We left the scenic surroundings of the Texas Mountains yesterday and headed north through miles and miles of vast nothingness into New Mexico. (We followed that fifth wheel most of the way!)
The first real town we passed through after crossing the state line was Loving, which made us think of our friends Cindy and Rick. This one's for you two. Cheers!
We made our way through the town of Carlsbad to the KOA several miles north of town. The sites are spacious and flat. Bullwinkle especially likes being level, for a change.
Our primary purpose for stopping in Carlsbad was to visit Carlsbad Caverns National Park, which is about 20 miles south of town.
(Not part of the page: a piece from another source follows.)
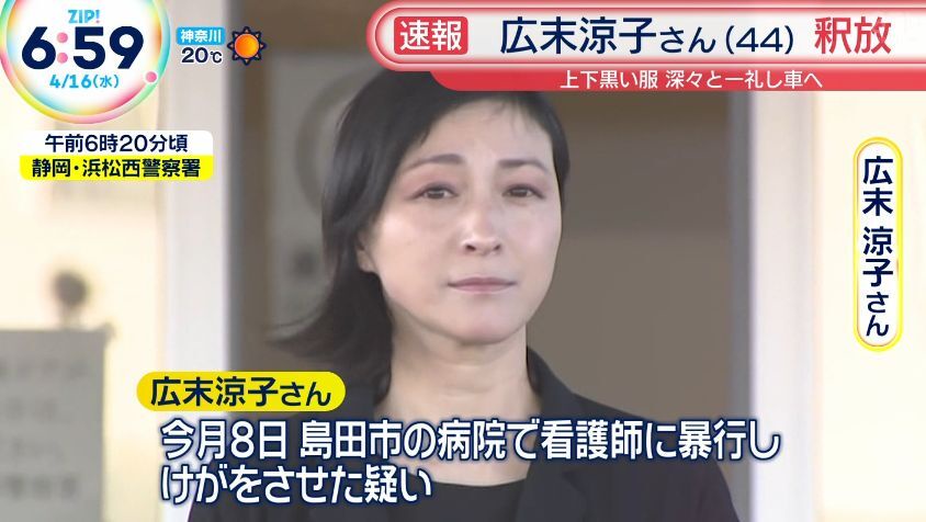 4月8日に傷害の現行犯で逮捕された俳優の広末涼子さんが16日午前5時56分に釈放されました。

After making the turn off the highway and toward the caverns, we were pleased to see something scenic once again. (Yes, when you are in southeast New Mexico, this is scenic!)
At the visitor's center, we flashed our annual park pass and picked up two audio tours. (We highly recommend!) When the ranger asked if we wanted to walk or ride down, we told him we'd rather hike. So, he pointed us toward the trailhead. Along the way we saw several warnings about the 1.25-mile hike ahead of us.
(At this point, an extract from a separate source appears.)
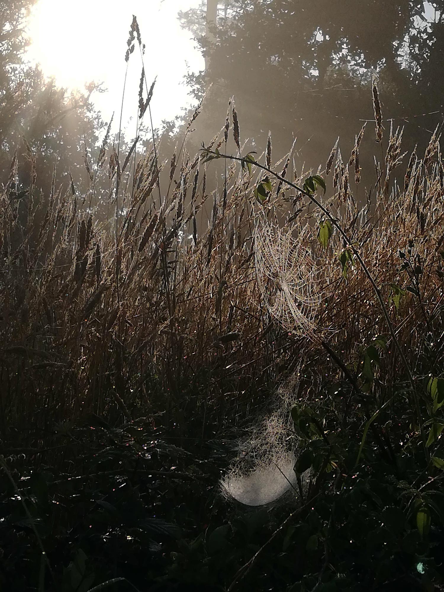 Het lijkt of de herfst al is begonnen, maar het is nog vroeg in het jaar, het is tenslotte pas augustus. ’s Ochtends is het wel al herfstig met de spinnenwebben in de ochtenddauw bij de eerste zon. Straks komt de zon goed door en is het weer zomer. ’n Prachtige periode van het jaar en ’t levert mooie plaatjes op.

We came prepared for this downhill hike and didn't have any doubts that we could make it safely. But, as the warnings became more serious, we started to wonder!
As experienced hikers, we really weren't worried. This is the last sign you see before you stop and check-in with a ranger who gives you clearance to move on. He looked us over and gave us a few last minute words of advice. With that, we were ready to go.
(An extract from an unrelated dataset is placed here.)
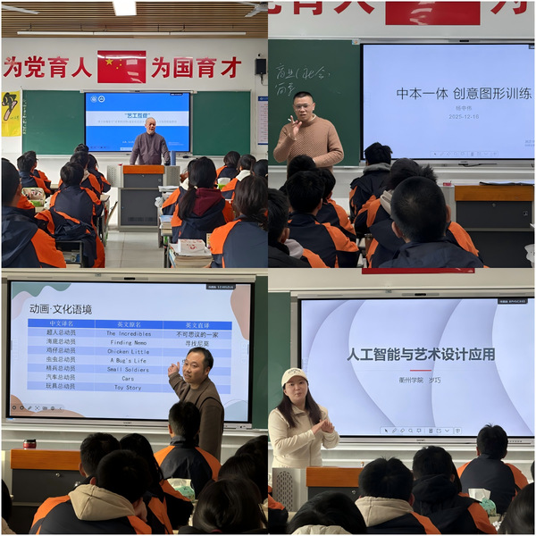 专题学习研讨结束后,艺术设计系毛立洪老师和杨中伟老师面向高一学子,先后讲授《“艺工互促” 新文科背景下“计算机应用+视觉传达设计”中本一体人才培养始业教育》《创意图形训练》两门课程;岁巧老师与杨勒老师则为高二学子带来《人工智能与艺术设计应用》《认识三维动画》专题授课。4位教师立足学科前沿与学生认知特点,以深厚的专业积淀和生动的教学表达点亮课堂,同学们精神饱满、积极讨论;课堂氛围热烈融洽,既点燃了学子们的学习热情,也深化了同学们的专业认知,为后续“艺工互促”人才培养奠定了坚实基础。

Just outside the Natural Entrance is a large amphitheater where visitors come for the nightly bat flight. Each evening at dusk, thousands of Mexican free-tailed bats fly from out of the entrance to the cave. Lucky for one of us, this nightly show doesn't begin until late Spring. Today we would not be sharing the cave with any bats!
Now would be a good time to tell you that the same one of us who is glad there are no bats here is really not terribly fond of caves. (And, it was my idea to come here!) With camera in hand, and Paul leading the way, I began the 750-foot decent while keeping a sharp eye back on the entrance and the great outdoors.
Before long, we entered what is called "The Twilight Zone". In this space, there's very little daylight still entering the cave. An eerie cloud of mist covers the entrance, which suddenly seemed very far away.
We stepped ahead in the darkness and were glad to see plenty of lights to show us the way. Though the trail was steep in places, there were helpful handrails along the way. For the one of us who isn't too fond of caves, the trail was quite spacious. This was one of the most narrow spots along the way. We (er, I) never felt closed in.
Along the way, I took hundreds of really bad pictures. Because we were hiking (and you saw all of those warnings!), we left our nifty Nikon and tripod at home. So, I did the best I could with my little "point and shoot" and wasted a bunch of zeros and ones. A few did come out well enough to give you a taste of our underground hike.
Our audio tour provided lots of interesting and helpful background about the wonders of the cavern. Now we can remember that stalactites "grow" from the ceiling and stalagmites live on the floor. When these two meet somewhere in the middle, they become a column. The audio tour also answered key questions, such as "Do these things ever fall?" and "Is there plenty of fresh air in here?" just about the time one of us was wondering about such things. (The answers: No and Yes.)
The nice paved trail we were hiking on followed the original explorer's route into the cave. The trail, of course, is a relatively recent addition. Early visitors to the park were lowered into the cave in some kind of cabled contraption, and then walked down these steep wooden stairs. I much prefer the route we took today!
The cave decorations, as they are called, didn't photograph well but they were amazing. These kernel-like decorations are aptly referred to as "popcorn".
When we reached the end of the Natural Entrance trail, things leveled out a bit and we made our way along the 1.25-mile trail that circles the Big Room. This 8.2 acre "room" is highly decorated and immense.
This wire ladder was used by a National Geographic team in 1924 to explore a lower cave. We're not planning to be a part of any National Geographic teams any time soon!
Dripping water is the sound of a live cave. By the sound and feel of our visit today, this cave is very active! The cave pools were fascinating. This rainwater traveled a very long distance to get here.
As we headed toward the elevator, we saw a couple of photographers with fancy cameras and tripods getting a shot of this "Doll's Theater" decoration. I bravely walked up, held my breath, and snapped. It didn't turn out half bad.
With our 2.5-mile awesome hike complete, we hopped on a waiting elevator and took the one-minute ride back to the surface. As we made our way back to the moose, we took in the vast, flat nothingness of southeast New Mexico with new eyes. When you come to Carlsbad, you have to go underground to find the scenic wonders. They are something to see.
And, that's coming from somebody who wasn't fond of caves. Until today.